Leveraging powerful technology of this magnitude and caliber provides for a continuous quality improvement feedback loop for your CDI program, continuously improving documentation and supporting the coding and MS-DRG assignment process. A valid and reliable measureable outcome of this technology is enhancement of your CDI and coding processes to the extent you are more confident of the documentation in support of the billed claim from a financial perspective with less chance for prepayment and/or post-payment denials, less monies and resources needed to appeal avoidable downcoding and medical necessity denials and even more importantly achievement of true meaningful documentation improvement.

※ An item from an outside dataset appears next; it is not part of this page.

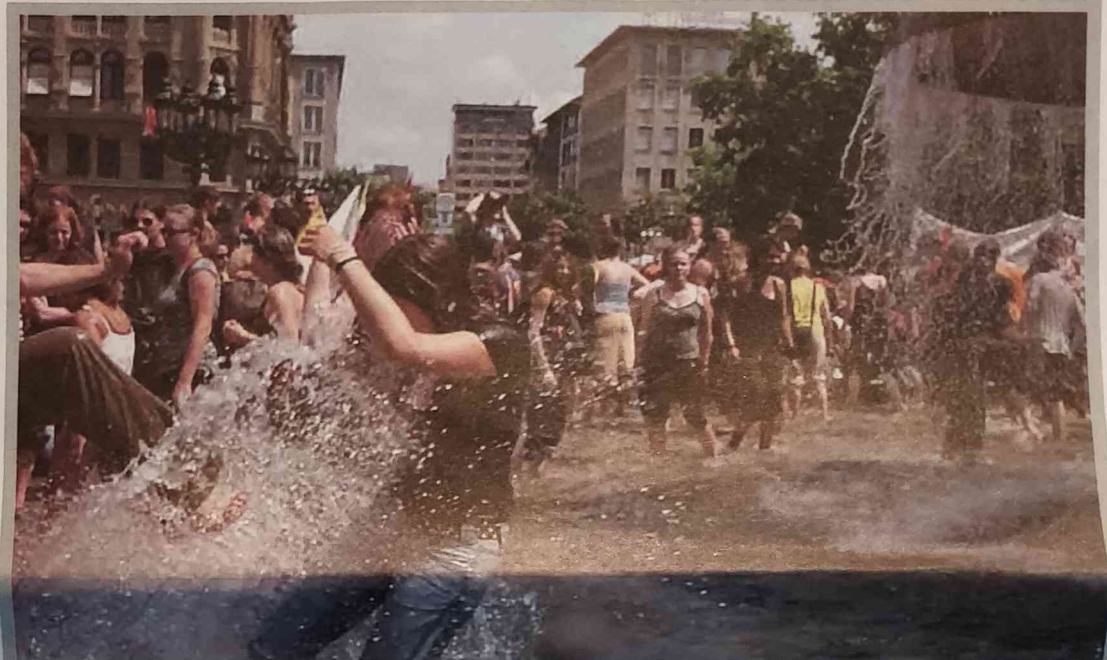
COOLING OFF: Demonstrators take a break as thousands of students march through Frankfurt in Germany. Events turned ugly shortly after this picture was taken, with riot police clubbing and spraying demonstrators, and 230 people were arrested, but later released without charge. The heavy-handed police approach was unexpected, as a 'hands-off' approach is more normal for student demonstrations. The march was held in protest at the city's introduction of tuition fees, following the success last year of conservative parliamentarians in overturning a legal ban on individual states introducing them. Frankfurt University now charges 15,000euros, not including living accommodation.

Most of the work in moving people from benefits into the workplace, it has emerged, will be made the responsibility of private agencies, with 60% of ESA support work allocated to the commercial sector. Much of the rest of the ESA scheme will also be contracted out, this time to NGOs or voluntary groups.

The ultimate advantage of leveraging technology as a complement to your revenue cycle processes is optimizing your CDI return on investment through the continuous quality improvement feedback loop, enhancing documentation that will stand the test of time while minimizing compliance and coding and billing aberrant patterns that catch the attention and scrutiny of outside Medicare contractors and other third party payers. The time to take a hard look at exploring and leveraging technology to optimize your CDI ROI and revenue cycle processes is now—so that you can begin to enjoy the benefits ahead of future changes in healthcare.